▶ What you should do: Only those lines in the data below from the line containing "Engang husede skolestuen" through the line containing "There is a large", both included, should be restated word for word.

___ Source data

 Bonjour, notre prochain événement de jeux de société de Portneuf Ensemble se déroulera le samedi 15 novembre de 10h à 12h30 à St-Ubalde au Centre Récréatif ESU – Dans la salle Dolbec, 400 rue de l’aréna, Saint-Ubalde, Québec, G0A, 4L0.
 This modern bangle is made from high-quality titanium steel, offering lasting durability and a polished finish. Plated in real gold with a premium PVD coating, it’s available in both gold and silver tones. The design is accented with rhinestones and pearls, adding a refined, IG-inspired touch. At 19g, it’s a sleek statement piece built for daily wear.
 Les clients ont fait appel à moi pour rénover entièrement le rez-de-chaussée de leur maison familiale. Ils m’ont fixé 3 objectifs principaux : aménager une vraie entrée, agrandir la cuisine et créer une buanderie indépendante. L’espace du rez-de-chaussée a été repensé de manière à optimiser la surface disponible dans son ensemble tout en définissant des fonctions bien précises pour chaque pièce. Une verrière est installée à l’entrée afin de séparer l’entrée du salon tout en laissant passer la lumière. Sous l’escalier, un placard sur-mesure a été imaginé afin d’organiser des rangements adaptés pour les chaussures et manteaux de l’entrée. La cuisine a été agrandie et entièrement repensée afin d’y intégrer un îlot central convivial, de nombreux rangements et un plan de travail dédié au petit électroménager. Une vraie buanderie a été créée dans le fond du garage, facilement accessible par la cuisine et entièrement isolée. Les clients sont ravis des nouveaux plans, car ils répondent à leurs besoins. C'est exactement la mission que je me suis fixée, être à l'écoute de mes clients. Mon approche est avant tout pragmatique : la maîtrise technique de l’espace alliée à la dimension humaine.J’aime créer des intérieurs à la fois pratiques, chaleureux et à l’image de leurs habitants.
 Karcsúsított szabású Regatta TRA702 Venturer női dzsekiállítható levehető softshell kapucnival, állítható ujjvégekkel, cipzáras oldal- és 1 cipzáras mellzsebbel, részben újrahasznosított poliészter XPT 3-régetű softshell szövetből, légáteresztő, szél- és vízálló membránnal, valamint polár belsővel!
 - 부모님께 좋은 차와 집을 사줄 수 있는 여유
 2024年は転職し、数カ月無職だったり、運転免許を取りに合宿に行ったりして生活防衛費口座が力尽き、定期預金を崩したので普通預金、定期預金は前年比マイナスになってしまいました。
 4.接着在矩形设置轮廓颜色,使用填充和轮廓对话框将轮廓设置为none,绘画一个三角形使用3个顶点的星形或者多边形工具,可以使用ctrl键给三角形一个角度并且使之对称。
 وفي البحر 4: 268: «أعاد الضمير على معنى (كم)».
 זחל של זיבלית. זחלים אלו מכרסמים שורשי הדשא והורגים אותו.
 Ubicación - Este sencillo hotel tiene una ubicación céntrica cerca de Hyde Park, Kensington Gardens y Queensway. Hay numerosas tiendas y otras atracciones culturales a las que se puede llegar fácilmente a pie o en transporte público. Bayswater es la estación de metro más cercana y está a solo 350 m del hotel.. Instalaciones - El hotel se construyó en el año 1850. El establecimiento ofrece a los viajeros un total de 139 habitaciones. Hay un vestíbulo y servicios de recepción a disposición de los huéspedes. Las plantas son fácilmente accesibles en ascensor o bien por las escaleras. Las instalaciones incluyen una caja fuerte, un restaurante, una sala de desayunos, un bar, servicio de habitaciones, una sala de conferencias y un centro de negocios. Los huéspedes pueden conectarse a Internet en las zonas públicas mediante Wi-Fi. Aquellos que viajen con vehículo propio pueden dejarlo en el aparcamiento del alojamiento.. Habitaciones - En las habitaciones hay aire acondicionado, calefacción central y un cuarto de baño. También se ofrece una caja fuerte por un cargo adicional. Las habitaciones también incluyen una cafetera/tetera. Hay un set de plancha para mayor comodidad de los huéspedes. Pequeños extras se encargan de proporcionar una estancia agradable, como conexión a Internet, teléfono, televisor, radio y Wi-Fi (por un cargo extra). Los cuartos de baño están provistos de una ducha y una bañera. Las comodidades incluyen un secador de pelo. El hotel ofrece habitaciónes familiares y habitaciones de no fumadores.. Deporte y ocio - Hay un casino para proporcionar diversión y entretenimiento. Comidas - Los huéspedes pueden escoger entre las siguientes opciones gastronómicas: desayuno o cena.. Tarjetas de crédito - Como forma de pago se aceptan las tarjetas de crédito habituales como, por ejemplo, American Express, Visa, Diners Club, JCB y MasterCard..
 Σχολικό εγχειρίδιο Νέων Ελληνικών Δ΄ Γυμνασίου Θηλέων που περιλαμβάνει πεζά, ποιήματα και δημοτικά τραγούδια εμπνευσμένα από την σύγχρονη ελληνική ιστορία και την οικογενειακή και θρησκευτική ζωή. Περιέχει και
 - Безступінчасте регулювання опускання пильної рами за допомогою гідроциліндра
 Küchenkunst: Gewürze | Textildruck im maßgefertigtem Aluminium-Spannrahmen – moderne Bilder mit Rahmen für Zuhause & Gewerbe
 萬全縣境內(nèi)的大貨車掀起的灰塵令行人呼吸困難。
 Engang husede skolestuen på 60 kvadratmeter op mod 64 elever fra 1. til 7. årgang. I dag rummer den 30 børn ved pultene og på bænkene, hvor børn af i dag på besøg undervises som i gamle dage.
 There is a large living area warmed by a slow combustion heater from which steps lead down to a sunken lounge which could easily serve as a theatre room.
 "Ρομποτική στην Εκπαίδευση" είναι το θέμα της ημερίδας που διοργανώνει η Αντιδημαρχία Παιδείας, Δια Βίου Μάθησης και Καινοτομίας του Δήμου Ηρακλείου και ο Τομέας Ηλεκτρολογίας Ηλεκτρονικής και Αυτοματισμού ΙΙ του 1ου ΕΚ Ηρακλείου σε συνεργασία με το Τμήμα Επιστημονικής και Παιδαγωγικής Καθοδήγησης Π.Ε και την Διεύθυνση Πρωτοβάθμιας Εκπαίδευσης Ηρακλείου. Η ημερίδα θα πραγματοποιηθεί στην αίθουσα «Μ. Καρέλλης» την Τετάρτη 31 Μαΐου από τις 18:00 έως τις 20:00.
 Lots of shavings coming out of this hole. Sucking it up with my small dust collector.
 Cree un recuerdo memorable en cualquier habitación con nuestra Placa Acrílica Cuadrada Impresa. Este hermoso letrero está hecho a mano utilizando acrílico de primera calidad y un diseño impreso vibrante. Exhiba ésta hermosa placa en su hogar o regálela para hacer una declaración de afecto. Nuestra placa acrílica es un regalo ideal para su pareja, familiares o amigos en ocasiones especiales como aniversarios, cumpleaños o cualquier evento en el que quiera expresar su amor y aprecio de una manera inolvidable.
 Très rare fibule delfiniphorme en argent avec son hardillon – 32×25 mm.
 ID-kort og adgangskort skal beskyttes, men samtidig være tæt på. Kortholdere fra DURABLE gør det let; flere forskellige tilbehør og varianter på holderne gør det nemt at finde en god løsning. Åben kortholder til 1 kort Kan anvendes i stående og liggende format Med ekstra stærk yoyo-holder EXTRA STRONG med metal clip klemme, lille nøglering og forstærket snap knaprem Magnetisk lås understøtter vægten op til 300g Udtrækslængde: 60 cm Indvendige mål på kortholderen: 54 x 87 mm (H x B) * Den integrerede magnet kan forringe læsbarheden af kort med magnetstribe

______

▶ Result:
 Engang husede skolestuen på 60 kvadratmeter op mod 64 elever fra 1. til 7. årgang. I dag rummer den 30 børn ved pultene og på bænkene, hvor børn af i dag på besøg undervises som i gamle dage.
 There is a large living area warmed by a slow combustion heater from which steps lead down to a sunken lounge which could easily serve as a theatre room.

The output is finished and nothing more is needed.